Compute the %IncMSE variable importance for the red wine
regression model, and sort the variables by their importance. Re-train
the model on the entire redwine data set instead of on the
testing set. Are the most important variables the same as in the
classification model?
The syntax is almost identical to the classification case. Since the
identifier %IncMSE contains special characters, it must be
enclosed in backticks.
R
set.seed(2345)
rwFull <- randomForest(quality ~ ., data = redwine, importance = TRUE)
importance(rwFull, type = 1) |>
as_tibble(rownames = "Variable") |>
arrange(desc(`%IncMSE`))
OUTPUT
# A tibble: 11 × 2
Variable `%IncMSE`
<chr> <dbl>
1 alcohol 59.2
2 sulphates 55.6
3 volatile.acidity 39.7
4 total.sulfur.dioxide 38.3
5 density 34.5
6 chlorides 32.7
7 free.sulfur.dioxide 30.0
8 citric.acid 28.9
9 fixed.acidity 28.4
10 pH 25.1
11 residual.sugar 24.2
The top five most important variables are the same as in the
classification model, but their order is slightly different. The
variable pH seems to be relatively more important in the
classification model.
Challenge: Linear Regression Model
In Episode 2, we used the lm function to fit a linear
model to the training set, and then we computed the RMSE on the testing
set. Repeat this process for the redwine data set. How does
the linear regression RMSE compare to the random forest RMSE? Compare
the summary of your linear model with the variable
importance rankings from the previous challenge.
R
redwine.lm <- lm(quality ~ ., data = trainDF)
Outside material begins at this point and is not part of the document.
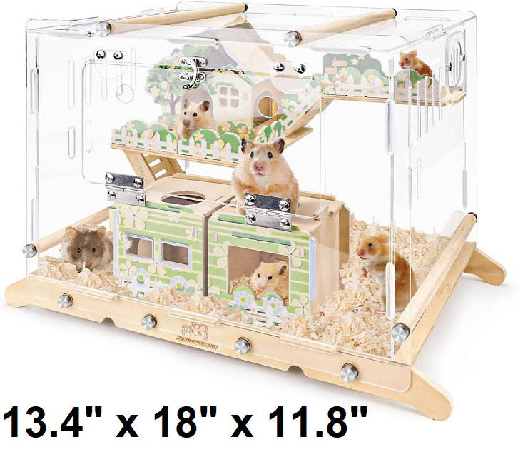 Acrylic hamster cage with hideouts and tank - 13.4" x 18" x 11.8" - Clear/beige/wood grain

lmRMSE <- sqrt(mean((predict(redwine.lm, testDF) - testDF$quality)^2))
lmRMSE
OUTPUT
[1] 0.6880957
The random forest RMSE is less than the linear model RMSE.
R
summary(redwine.lm)
OUTPUT
Call:
lm(formula = quality ~ ., data = trainDF)
Residuals:
Min 1Q Median 3Q Max
-2.68737 -0.36035 -0.03507 0.43456 1.95898
Coefficients:
Estimate Std. Error t value Pr(>|t|)
(Intercept) 9.3242378 23.4596015 0.397 0.6911
fixed.acidity 0.0108114 0.0284758 0.380 0.7043
volatile.acidity -1.2144573 0.1320387 -9.198 < 2e-16 ***
citric.acid -0.2957551 0.1608745 -1.838 0.0662 .
residual.sugar 0.0193480 0.0168430 1.149 0.2509
chlorides -1.8858347 0.4583915 -4.114 4.14e-05 ***
free.sulfur.dioxide 0.0054883 0.0023783 2.308 0.0212 *
total.sulfur.dioxide -0.0034664 0.0007974 -4.347 1.49e-05 ***
density -5.0636470 23.9244350 -0.212 0.8324
pH -0.4331191 0.2065623 -2.097 0.0362 *
sulphates 0.9244109 0.1306583 7.075 2.47e-12 ***
alcohol 0.2886439 0.0293633 9.830 < 2e-16 ***
---
Signif. codes: 0 '***' 0.001 '**' 0.01 '*' 0.05 '.' 0.1 ' ' 1
Residual standard error: 0.6385 on 1267 degrees of freedom
Multiple R-squared: 0.3762, Adjusted R-squared: 0.3708
F-statistic: 69.46 on 11 and 1267 DF, p-value: < 2.2e-16
The variables with the smallest p-values (Pr(>|t|))
tend to correspond to the most important variables in the random forest
model.
Challenge: White Wine
Rows 1600-6497 of the wine data frame correspond to
white wine observations. Use these rows to train and test a random
forest model, as we did with the red wine observations. Compute a
testing set RMSE, and assess variable importance. Are the important
variables for predicting white wine quality the same as the important
variables for predicting red wine quality?
R
whitewine <- wine |> slice(1600:6497)
trainSize <- round(0.80 * nrow(whitewine))
set.seed(1234)
trainIndex <- sample(nrow(whitewine), trainSize)
trainDF <- whitewine |> dplyr::slice(trainIndex)
testDF <- whitewine |> dplyr::slice(-trainIndex)
wwfor <- randomForest(quality ~ ., data = trainDF)
predQualww <- predict(wwfor, testDF)
errors <- predQualww - testDF$quality
wwRMSE <- sqrt(mean(errors^2))
The RMSE on the white wine testing set is about 0.63.
R
set.seed(4567)
wwforFull <- randomForest(quality ~ ., data = whitewine, importance = TRUE)
importance(wwforFull, type = 1) |>
as_tibble(rownames = "Variable") |>
arrange(desc(`%IncMSE`))
Relative to red wine, free.sulfur.dioxide is much more
important for predicting white wine quality, and sulphates
is less important.
- Random forests can make predictions of a categorical or quantitative variable.
- Random forests, with their default settings, work reasonably well.